Слышу слова одной из ранних санитарок, когда они уже бушуют, как обычно, наслаждаясь отчаянием нашего пробуждения, и голос ее полон зависти к той, что собирается после дежурства отбыть в свои пенаты: «Хорошая больная, хлопот никаких, и еще лишние деньги идут. Везет тебе, я бы тоже так хотела!» — «А ты, дорогая, лучше за мужем присматривай, если он ночью очень уж спокойный», — отрезает подружка, и общий хохот побеждает солидарность здоровья и силы, потом ночная дежурная шествует к двери, даже не взглянув на вверенное ее попечению ложе. Конец, дальше не ее дело.

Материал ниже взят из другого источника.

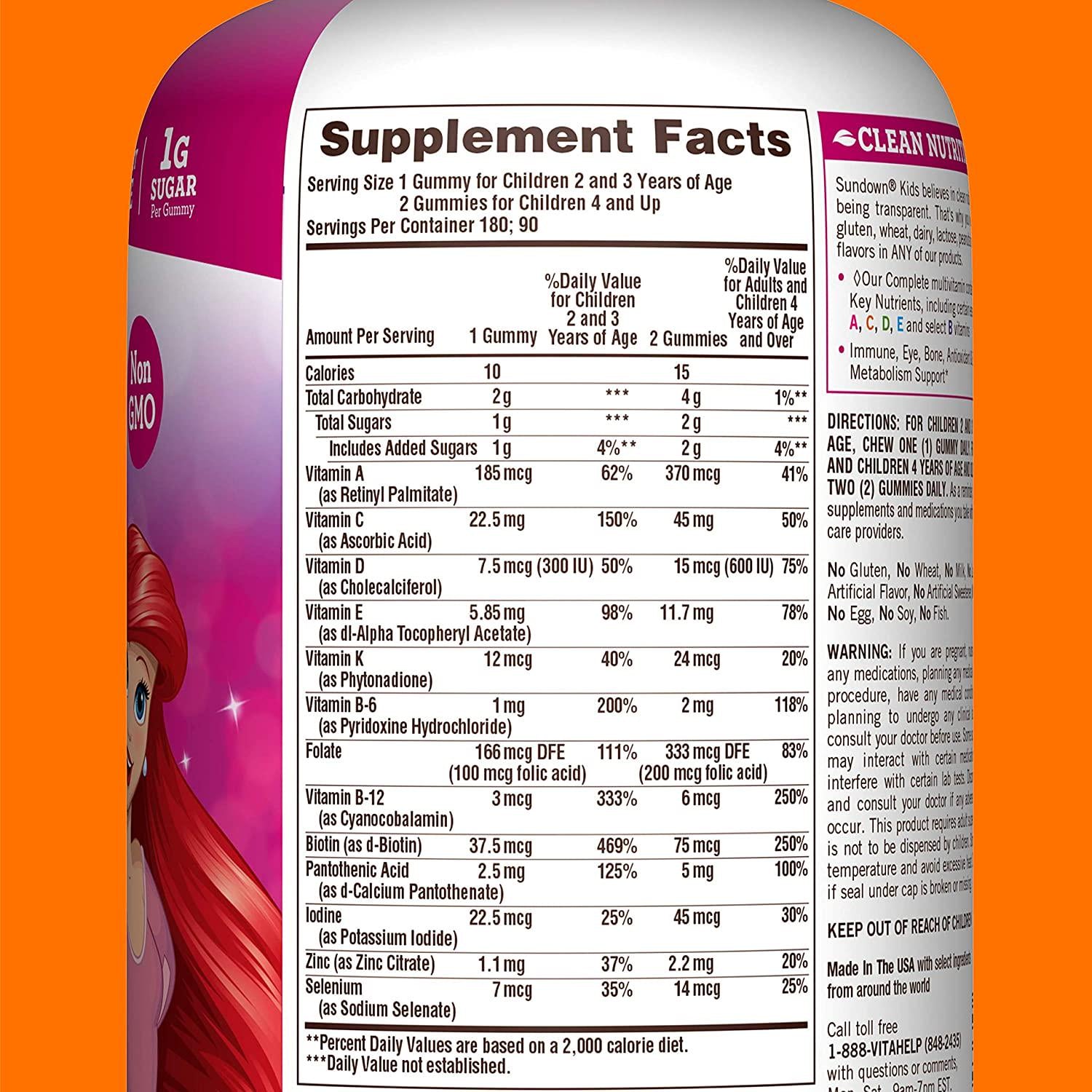disney princess, gummy vitamins, kids, multivitamin, pediatrician preferred, sundown

Значит, для сестер здесь тоже есть везенье, вот такое изнурительное бдение на стульчике. Варианты восприятия жизни, какому же из них мы должны отдавать предпочтение? Какой мудрец скажет, от каких определителей зависит степень значимости?
А я сегодня ухожу отсюда. Мне приносят сумку, я швыряю в цветную мою подругу всяких скитаний все добро, принесенное сюда, которое должно было уберечь меня от чего-то, но от чего?
А соседки из обоих рядов, все, кто может смотреть, вновь взглядом ассистируют мне, а на что же еще смотреть, ведь только в моем углу что-то и происходит? Я чувствую эти взгляды на себе, на руках, на моей неуклюжей спешке, может быть, и сейчас они ко мне благожелательны, а может быть, ненавидят за каждое движение, которым я от них отделяюсь? Что в них сильнее? Не хочу я этого знать, ведь я же их запомню, не откажусь от этих дней, так что сейчас отпускаю им все их нехорошие мысли, сейчас я страшно милосердна — и мне даже немного стыдно, что это так легко дается. Поэтому я ворчу на все мое тряпье, демонстрируя этим, что вот и у меня свои неприятности с отбытием, но эти совы после долгих ночей, после долгих недель выучки набрались ума и теперь объясняют мне, что это такое. «Лотерея, матушка, раз так, другой — так. Раз человек готовится к долгому лежанию, тогда быстро выходит. Не с одной так было. Но вы это рекордно провернули. В четыре дня — и извольте домой! Это все из-за вещей, которые натащили. С самого начала хорошая примета!»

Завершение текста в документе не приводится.